Saved data entries
..........
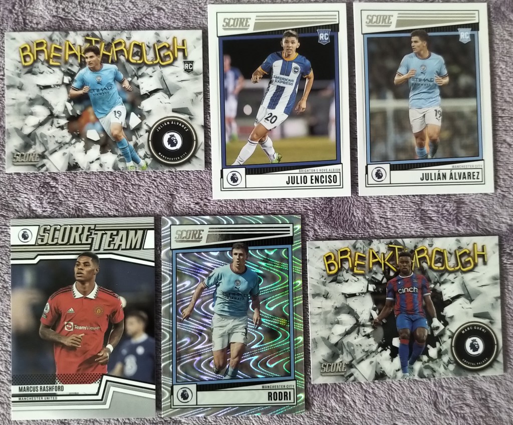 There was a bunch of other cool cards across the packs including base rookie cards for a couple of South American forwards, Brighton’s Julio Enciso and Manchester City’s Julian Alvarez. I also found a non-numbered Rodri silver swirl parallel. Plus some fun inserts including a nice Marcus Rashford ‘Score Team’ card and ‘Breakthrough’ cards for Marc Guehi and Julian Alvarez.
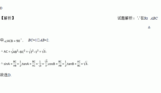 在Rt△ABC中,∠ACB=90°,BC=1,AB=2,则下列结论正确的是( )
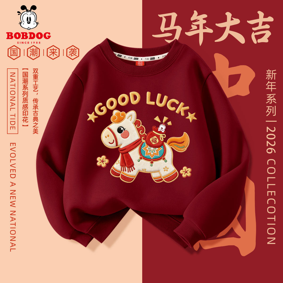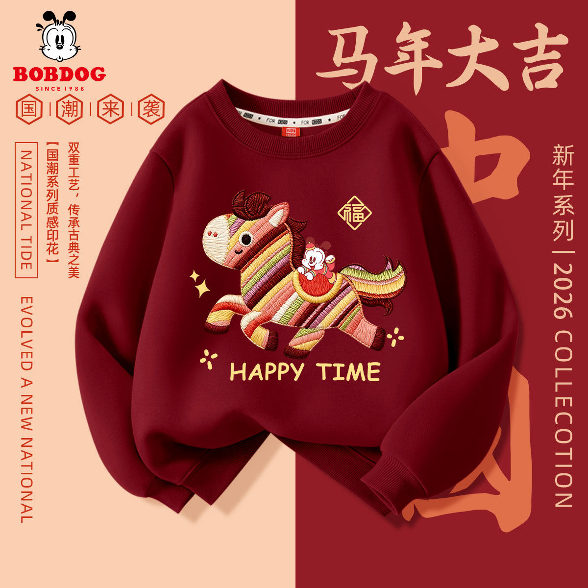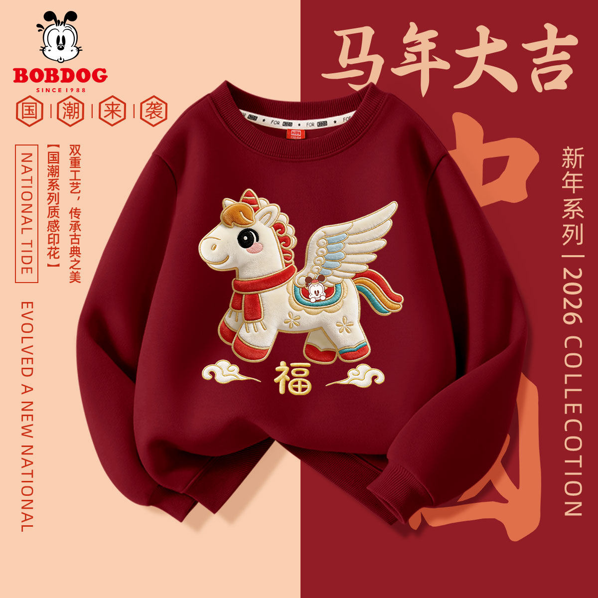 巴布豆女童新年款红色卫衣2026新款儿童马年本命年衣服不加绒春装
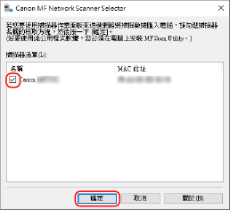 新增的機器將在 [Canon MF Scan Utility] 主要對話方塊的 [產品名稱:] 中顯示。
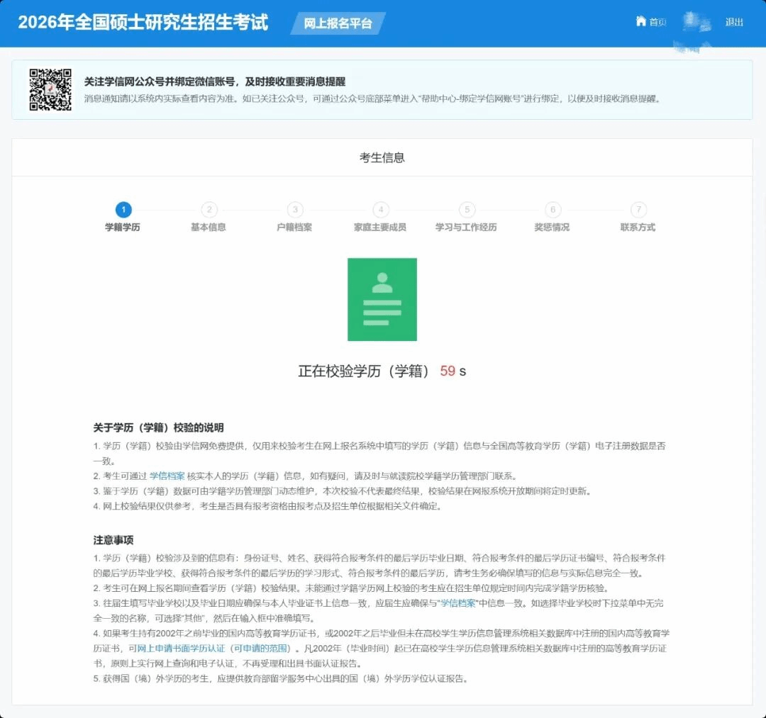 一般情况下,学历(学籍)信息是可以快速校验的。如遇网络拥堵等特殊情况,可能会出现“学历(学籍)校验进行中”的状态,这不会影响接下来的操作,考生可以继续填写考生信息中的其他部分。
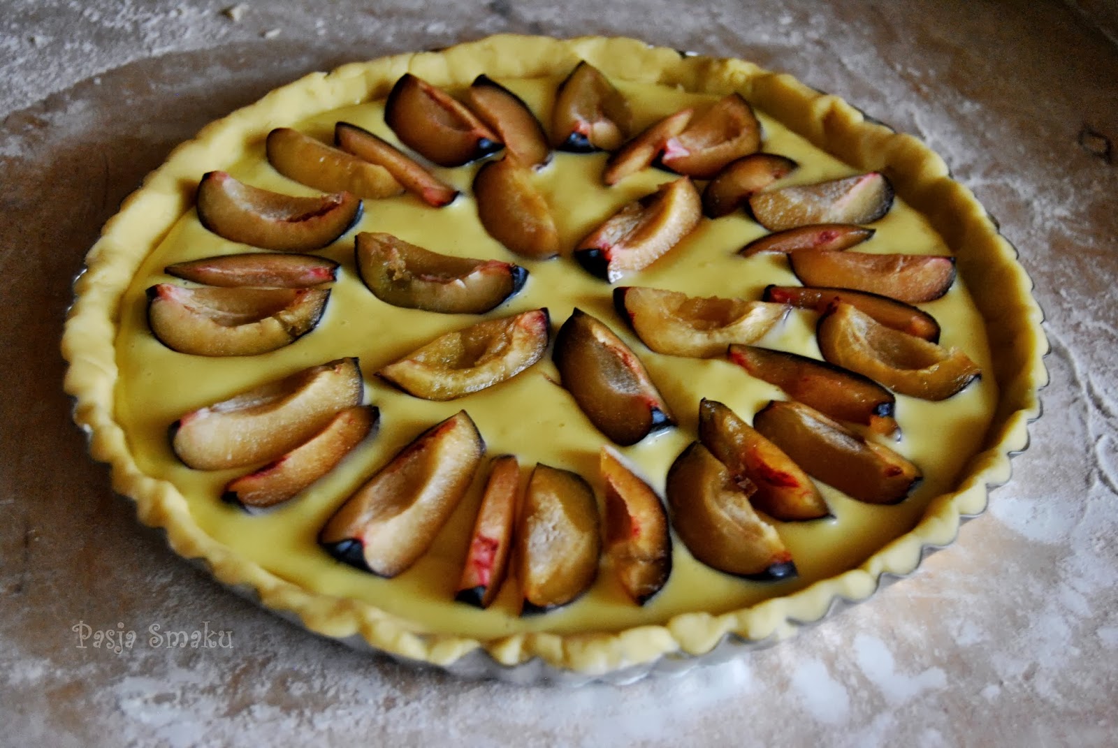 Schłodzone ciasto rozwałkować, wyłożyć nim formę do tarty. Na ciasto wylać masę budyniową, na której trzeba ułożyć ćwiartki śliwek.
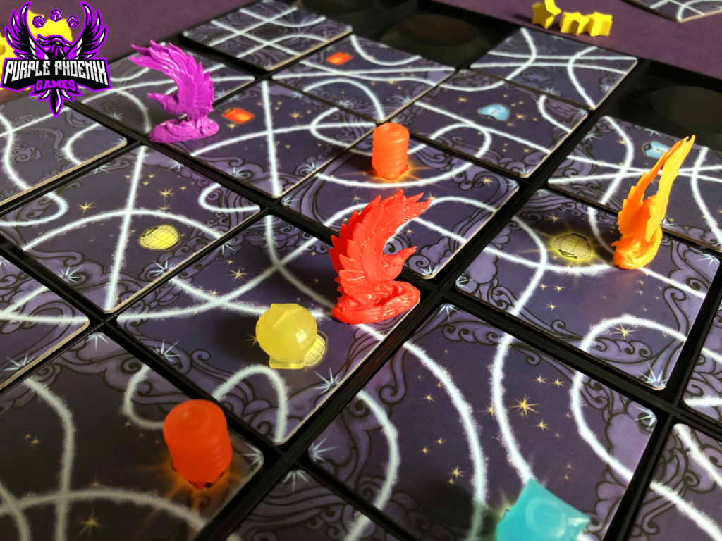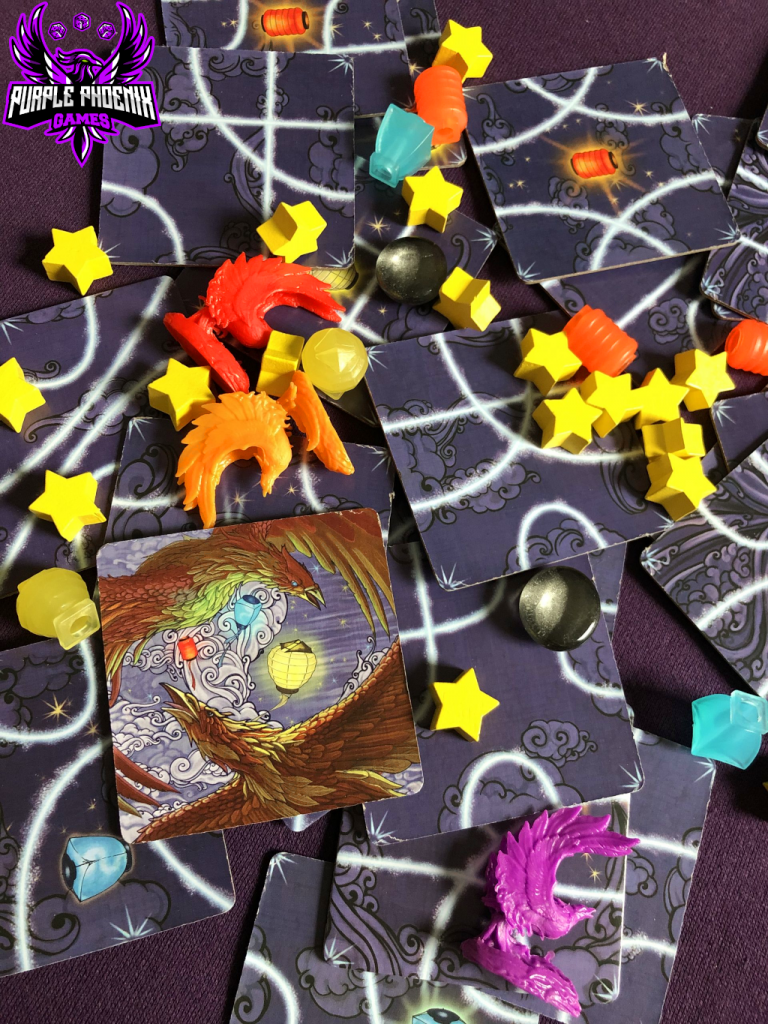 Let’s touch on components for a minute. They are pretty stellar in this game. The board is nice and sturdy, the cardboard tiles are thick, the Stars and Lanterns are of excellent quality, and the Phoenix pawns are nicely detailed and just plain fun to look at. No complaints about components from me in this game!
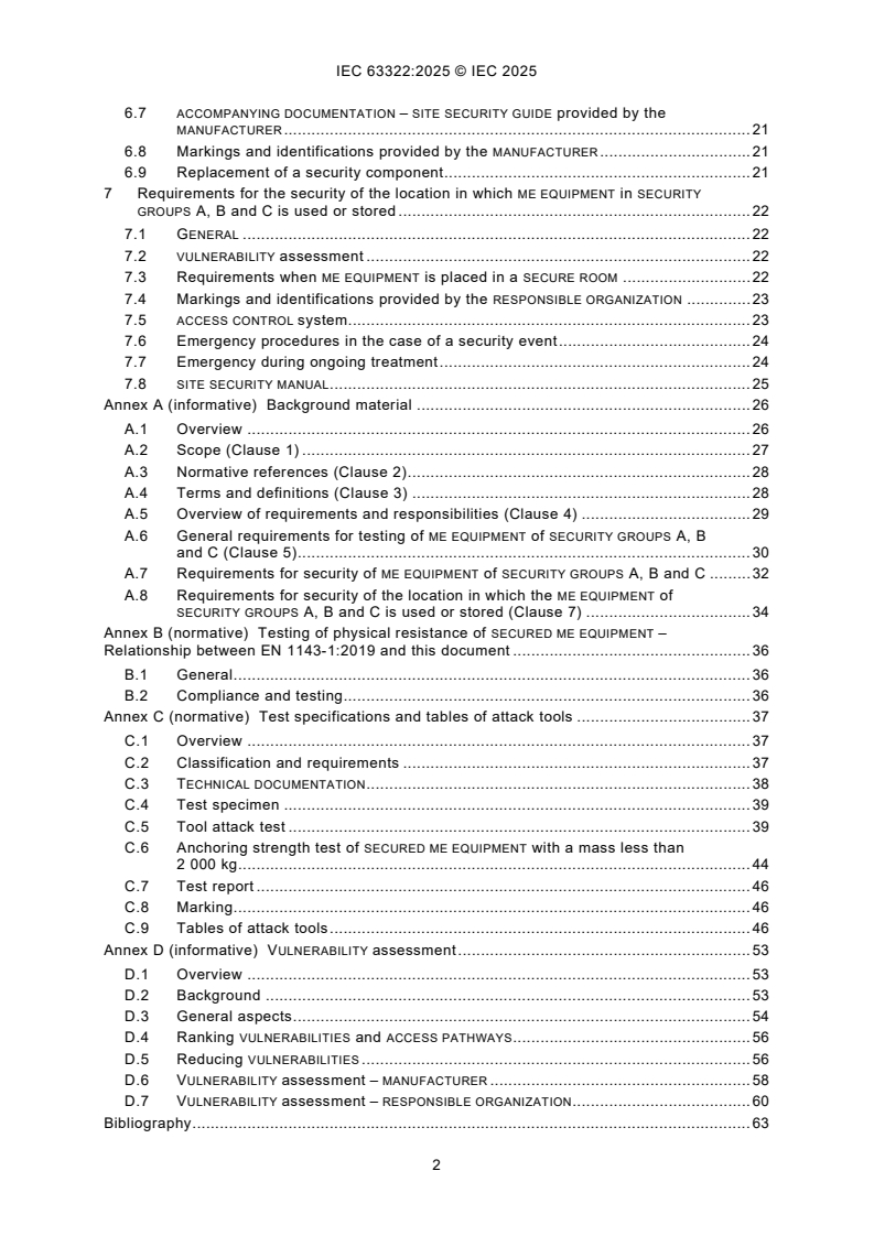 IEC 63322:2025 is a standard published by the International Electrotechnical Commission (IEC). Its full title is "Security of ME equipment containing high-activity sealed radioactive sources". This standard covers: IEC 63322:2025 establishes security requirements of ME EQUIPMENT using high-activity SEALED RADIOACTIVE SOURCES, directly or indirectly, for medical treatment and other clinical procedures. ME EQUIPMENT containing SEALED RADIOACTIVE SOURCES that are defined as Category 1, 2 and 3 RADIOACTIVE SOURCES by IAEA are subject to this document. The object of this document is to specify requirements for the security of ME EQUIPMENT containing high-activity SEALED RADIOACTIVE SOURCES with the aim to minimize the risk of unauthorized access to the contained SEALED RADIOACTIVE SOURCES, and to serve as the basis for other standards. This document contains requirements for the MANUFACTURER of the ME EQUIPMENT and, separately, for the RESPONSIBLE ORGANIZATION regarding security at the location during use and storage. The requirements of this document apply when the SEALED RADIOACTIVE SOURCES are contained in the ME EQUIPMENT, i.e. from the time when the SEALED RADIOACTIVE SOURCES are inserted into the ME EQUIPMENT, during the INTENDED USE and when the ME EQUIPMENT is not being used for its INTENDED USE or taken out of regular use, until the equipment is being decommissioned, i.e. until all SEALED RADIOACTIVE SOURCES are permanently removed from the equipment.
..........
Description of the task
Set down every entry word for word, but omit the pictures.

Answer area
 There was a bunch of other cool cards across the packs including base rookie cards for a couple of South American forwards, Brighton’s Julio Enciso and Manchester City’s Julian Alvarez. I also found a non-numbered Rodri silver swirl parallel. Plus some fun inserts including a nice Marcus Rashford ‘Score Team’ card and ‘Breakthrough’ cards for Marc Guehi and Julian Alvarez.
 在Rt△ABC中,∠ACB=90°,BC=1,AB=2,则下列结论正确的是( )
 巴布豆女童新年款红色卫衣2026新款儿童马年本命年衣服不加绒春装
 新增的機器將在 [Canon MF Scan Utility] 主要對話方塊的 [產品名稱:] 中顯示。
 一般情况下,学历(学籍)信息是可以快速校验的。如遇网络拥堵等特殊情况,可能会出现“学历(学籍)校验进行中”的状态,这不会影响接下来的操作,考生可以继续填写考生信息中的其他部分。
 Schłodzone ciasto rozwałkować, wyłożyć nim formę do tarty. Na ciasto wylać masę budyniową, na której trzeba ułożyć ćwiartki śliwek.
 Let’s touch on components for a minute. They are pretty stellar in this game. The board is nice and sturdy, the cardboard tiles are thick, the Stars and Lanterns are of excellent quality, and the Phoenix pawns are nicely detailed and just plain fun to look at. No complaints about components from me in this game!
 IEC 63322:2025 is a standard published by the International Electrotechnical Commission (IEC). Its full title is "Security of ME equipment containing high-activity sealed radioactive sources". This standard covers: IEC 63322:2025 establishes security requirements of ME EQUIPMENT using high-activity SEALED RADIOACTIVE SOURCES, directly or indirectly, for medical treatment and other clinical procedures. ME EQUIPMENT containing SEALED RADIOACTIVE SOURCES that are defined as Category 1, 2 and 3 RADIOACTIVE SOURCES by IAEA are subject to this document. The object of this document is to specify requirements for the security of ME EQUIPMENT containing high-activity SEALED RADIOACTIVE SOURCES with the aim to minimize the risk of unauthorized access to the contained SEALED RADIOACTIVE SOURCES, and to serve as the basis for other standards. This document contains requirements for the MANUFACTURER of the ME EQUIPMENT and, separately, for the RESPONSIBLE ORGANIZATION regarding security at the location during use and storage. The requirements of this document apply when the SEALED RADIOACTIVE SOURCES are contained in the ME EQUIPMENT, i.e. from the time when the SEALED RADIOACTIVE SOURCES are inserted into the ME EQUIPMENT, during the INTENDED USE and when the ME EQUIPMENT is not being used for its INTENDED USE or taken out of regular use, until the equipment is being decommissioned, i.e. until all SEALED RADIOACTIVE SOURCES are permanently removed from the equipment.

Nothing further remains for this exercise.